What I learned and Hands-On Experience
To demonstrate my understanding and practical skills, I completed the following hands-on modules and exercises from the HackTheBox SOC Analyst course:
Module: Incident Handling Process
This Module covers the process of handling an incident from the very early stage of detecting a suspicious event to confirming a compromise and responding to it.
-
Section 1: Incident Handling
Key Definitions
- Event: An action in a system or network (e.g., user sending email, firewall allowing connection request).
- Incident: An event with negative consequences (system crashes, unauthorized access to sensitive data, natural disasters).
- IT Security Incident: An event with clear intent to cause harm against a computer system (data theft, malware installation, unauthorized access).
- Incident Handling: Defined procedures for managing and responding to security incidents.
Incident Handling Scope
- Covers intrusions, malicious insiders, availability issues, and loss of intellectual property
- Comprehensive plans should identify, contain, eradicate, and recover from incidents to restore normal business operations
- Suspicious events should be treated as incidents until proven otherwise
Incident Handling's Value & Generic Notes
- Quick and effective response required for incidents involving compromised personal and business data
- Impact varies from few devices to large parts of the environment
- Systematic response from incident response teams minimizes information theft and service disruption
- Decisions made before, during, and after incidents affect their impact
Prioritization & Incident Management
- Prioritization is crucial—high-severity incidents require immediate attention
- Incident Manager: Typically SOC manager, CISO/CIO, or trusted vendor who directs business units, tracks investigation activities, and serves as single point of communication
Resources
- NIST Computer Security Incident Handling Guide: Widely used resource providing practical guidelines for incident response
Example of Incident Reports
- Incidents should be documented sequentially, stage-by-stage format,using frameworks like Cyber Kill Chain and MITRE ATT&CK (moving from initial access to impact), similar to professional reports from Mandian, Palo Alto Unit 42, Proofpoint, etc.
- DFIR Labs Example: The DFIR Report platform provides incident reports documenting adversary operations from Initial Access through Impact
-
Section 2: Cyber Kill Chain
What is the Cyber Kill Chain?
- The attack lifecycle (a.k.a.

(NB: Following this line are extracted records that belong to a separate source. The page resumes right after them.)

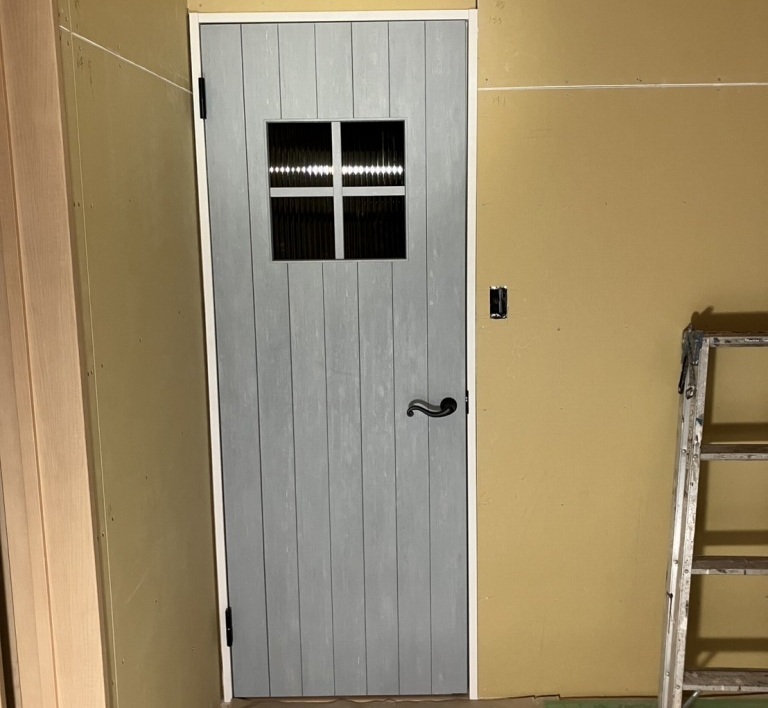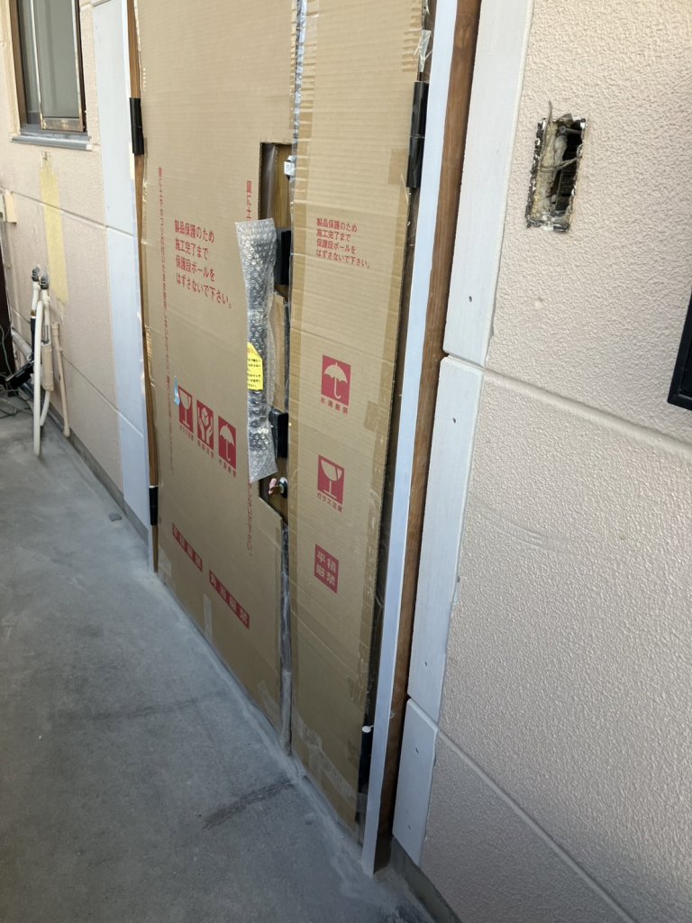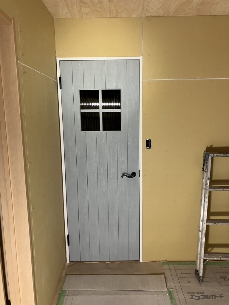 今回は、静岡市葵区にお住まいのK様のお家をフルリノベーションしています。本日は、建具の取付けとボードのパテ処理を行いました。
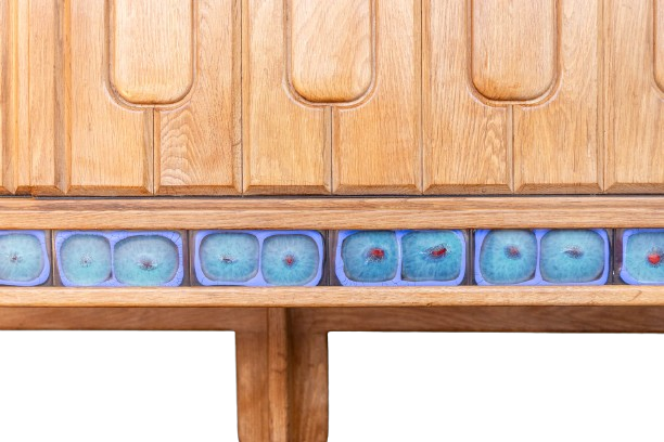 Enfilade en chêne blond massif ouvrant à deux panneaux coulissants sculptés et 4 petits tiroirs. Décor de carreaux de céramique, en frise en façade et sur le dessus de la partie tiroirs, travail probable du céramiste Boleslaw Danikowski L’enfilade repose sur 3 pieds de forme mouvementée.
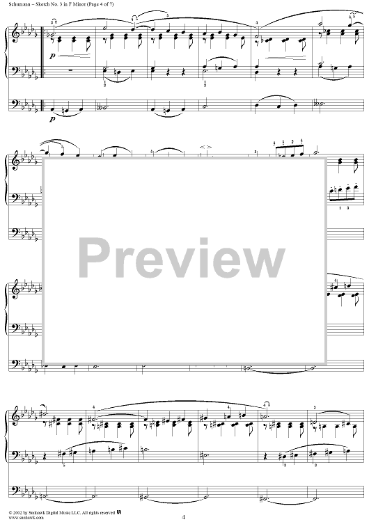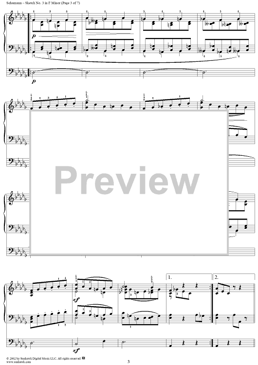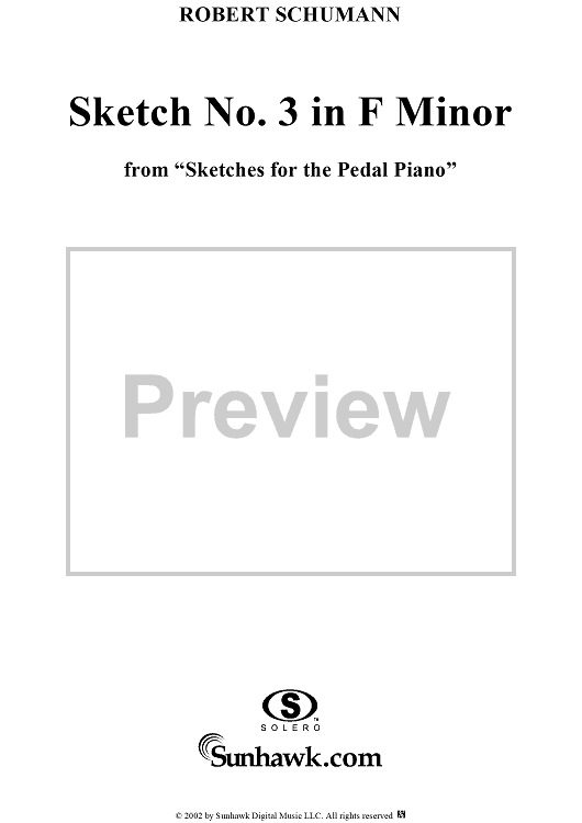 Digital Sheet Music for Sketches for the Pedal Piano, No. 3 in F Minor by Robert Schumann scored for Piano Solo; id:258398

Cyber Kill Chain), describes how attacks manifest themselves
- This lifecycle could provide valuable insights into how far in the network an attacker is and what they may have access to during the investigation phase of an incident
- The cyber kill chain consists of seven different stages, as depicted in the image below:
Recon - Cyber Kill Chain
- First phase of an attack where the attacker selects a target
- Attacker gathers as much information as possible about the target
- Collected information is useful throughout later attack stages, not just recon
- Passive recon includes using public sources like social media (LinkedIn, Instagram), company websites and documentation, job postings and partner listings—these can reveal detailed technical info (AV tools, OS, network tech)
- Active recon goes further by probing systems and scanning web apps and IP addresses owned by the organization
Weaponize - Cyber Kill Chain
- Attacker creates or customizes malware for initial access
- Malware is embedded into an exploit or payload
- Designed to be lightweight and stealthy to evade AV/EDR
- Often tailored based on recon information about the target's security tools
- Main goal is to establish remote access to the target system
- Malware supports persistence (survives reboots)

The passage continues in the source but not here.